--- MATERIAL SUPPLIED Enclosed Below ---

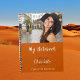 Ein trendiger, orangefarbener Hintergrund. Personalisieren und fügen Sie Ihr eigenes Foto, einen Titel, Vornamen, Monogrammbuchstaben und vollständigen Namen.
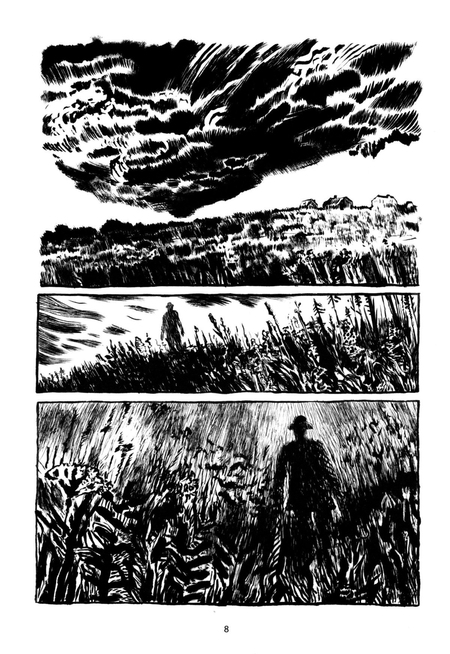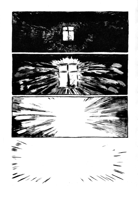 Черно-белая графика создаёт ощущение архивности и эмоциональной сдержанности. Плотная сетка панелей усиливает чувство давления, которое становится метафорой страха и невозможности выбора.
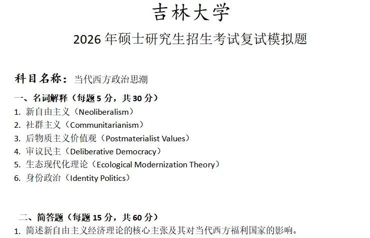 吉林大学当代西方政治思潮考研复试真题模拟含答案
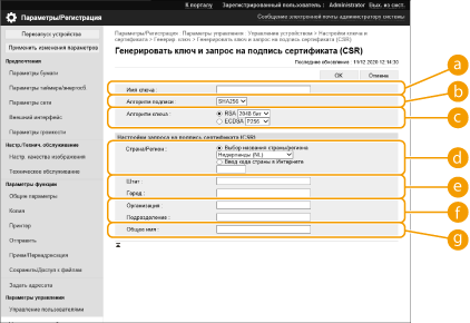 Сертификаты, созданные на аппарате, не имеют цифровой подписи CA, что может вызвать ошибки во время обмена данными с некоторыми кэширующими узлами. Чтобы запросить сертификат с цифровой подписью CA, необходимо создать запрос на подпись сертификата (CSR). Создать запрос CSR может пользователь, вошедший в систему аппарата с полномочиями администратора.
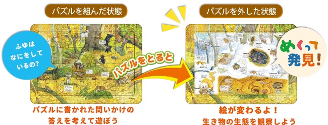 めくると変わる絵を楽しみながら、いろいろなひみつを発見できる『はっけんずかん』の特徴をパズルに落とし込んだ、ピースをはずすと絵が変化する、楽しいパズルです。
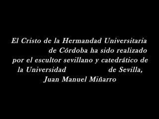 El Cristo de la Hermandad Universitaria de Córdoba es una escultura que representa a Jesucristo crucificado con un alto nivel de detalle anatómico y fisiológico, basado en los estudios científicos de la Sábana Santa de Turín. La escultura muestra los politraumatismos visibles en la Sábana Santa con gran precisión.
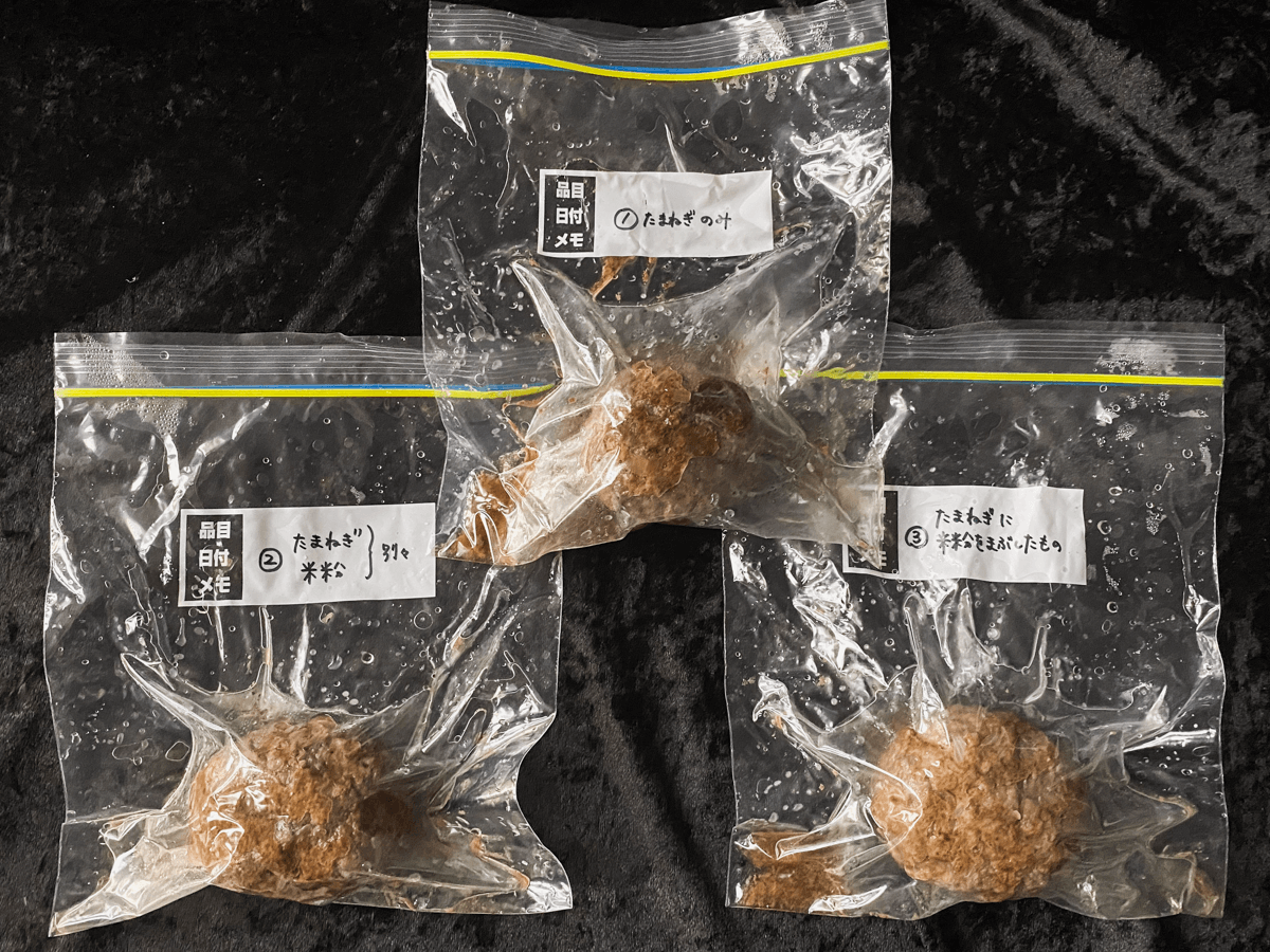つなぎを入れた、実験2(玉ねぎと米粉を別々に入れたもの)と実験3(玉ねぎに米粉をまぶして入れたもの)は仕上がりはほぼ同じとなった。
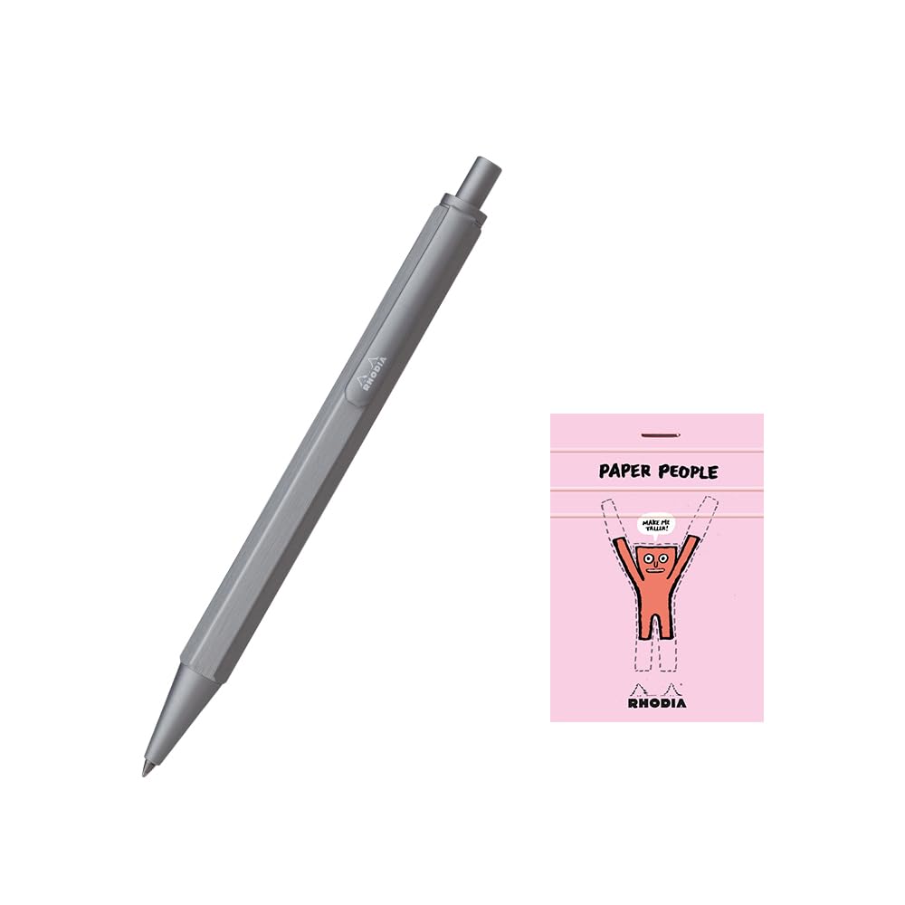Rhodia Script Ballpoint Hexagonal Aluminum Hairline Low Viscosity RHODIA 11 with Block Rhodia Pen, 0.7mm, Barrel, Body, Finish, Oil-Based Ink, Silver,
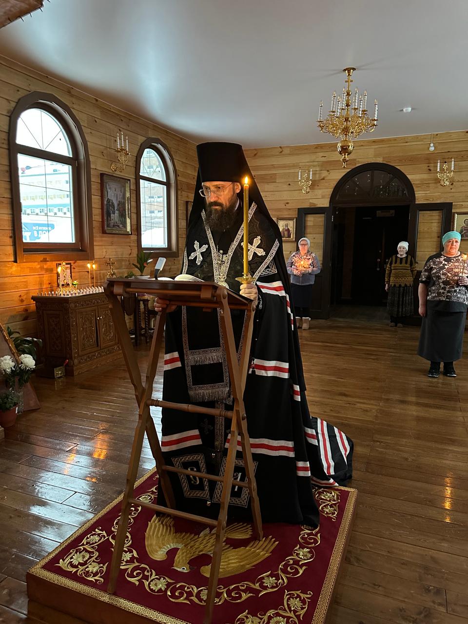 Вечером 6 марта 2025 года, в четверг первой седмицы Великого поста, Преосвященнейший Агафангел, епископ Норильский и Туруханский, совершил великое повечерие с чтением Великого покаянного канона прп. Андрея Критского в храме Преображения Господня в районе Кайеркан города Норильска.
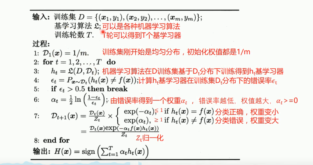 换而言之,误差率低的弱分类器在最终分类器中占的权重较大,否则较小。
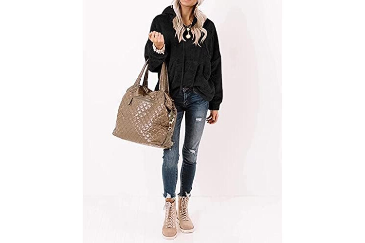 Ezbelle Women's Color Block Zip Up Hoodie Sweatshirt Casual Long Sleeve Jacket Sweater with Pockets Loose Tops

--- End of Enclosed MATERIAL SUPPLIED ---

• TRY IT:
In the copy, omit the pictures and reproduce every entry exactly.

• ANSWER:
 Ein trendiger, orangefarbener Hintergrund. Personalisieren und fügen Sie Ihr eigenes Foto, einen Titel, Vornamen, Monogrammbuchstaben und vollständigen Namen.
 Черно-белая графика создаёт ощущение архивности и эмоциональной сдержанности. Плотная сетка панелей усиливает чувство давления, которое становится метафорой страха и невозможности выбора.
 吉林大学当代西方政治思潮考研复试真题模拟含答案
 Сертификаты, созданные на аппарате, не имеют цифровой подписи CA, что может вызвать ошибки во время обмена данными с некоторыми кэширующими узлами. Чтобы запросить сертификат с цифровой подписью CA, необходимо создать запрос на подпись сертификата (CSR). Создать запрос CSR может пользователь, вошедший в систему аппарата с полномочиями администратора.
 めくると変わる絵を楽しみながら、いろいろなひみつを発見できる『はっけんずかん』の特徴をパズルに落とし込んだ、ピースをはずすと絵が変化する、楽しいパズルです。
 El Cristo de la Hermandad Universitaria de Córdoba es una escultura que representa a Jesucristo crucificado con un alto nivel de detalle anatómico y fisiológico, basado en los estudios científicos de la Sábana Santa de Turín. La escultura muestra los politraumatismos visibles en la Sábana Santa con gran precisión.
つなぎを入れた、実験2(玉ねぎと米粉を別々に入れたもの)と実験3(玉ねぎに米粉をまぶして入れたもの)は仕上がりはほぼ同じとなった。
Rhodia Script Ballpoint Hexagonal Aluminum Hairline Low Viscosity RHODIA 11 with Block Rhodia Pen, 0.7mm, Barrel, Body, Finish, Oil-Based Ink, Silver,
 Вечером 6 марта 2025 года, в четверг первой седмицы Великого поста, Преосвященнейший Агафангел, епископ Норильский и Туруханский, совершил великое повечерие с чтением Великого покаянного канона прп. Андрея Критского в храме Преображения Господня в районе Кайеркан города Норильска.
 换而言之,误差率低的弱分类器在最终分类器中占的权重较大,否则较小。
 Ezbelle Women's Color Block Zip Up Hoodie Sweatshirt Casual Long Sleeve Jacket Sweater with Pockets Loose Tops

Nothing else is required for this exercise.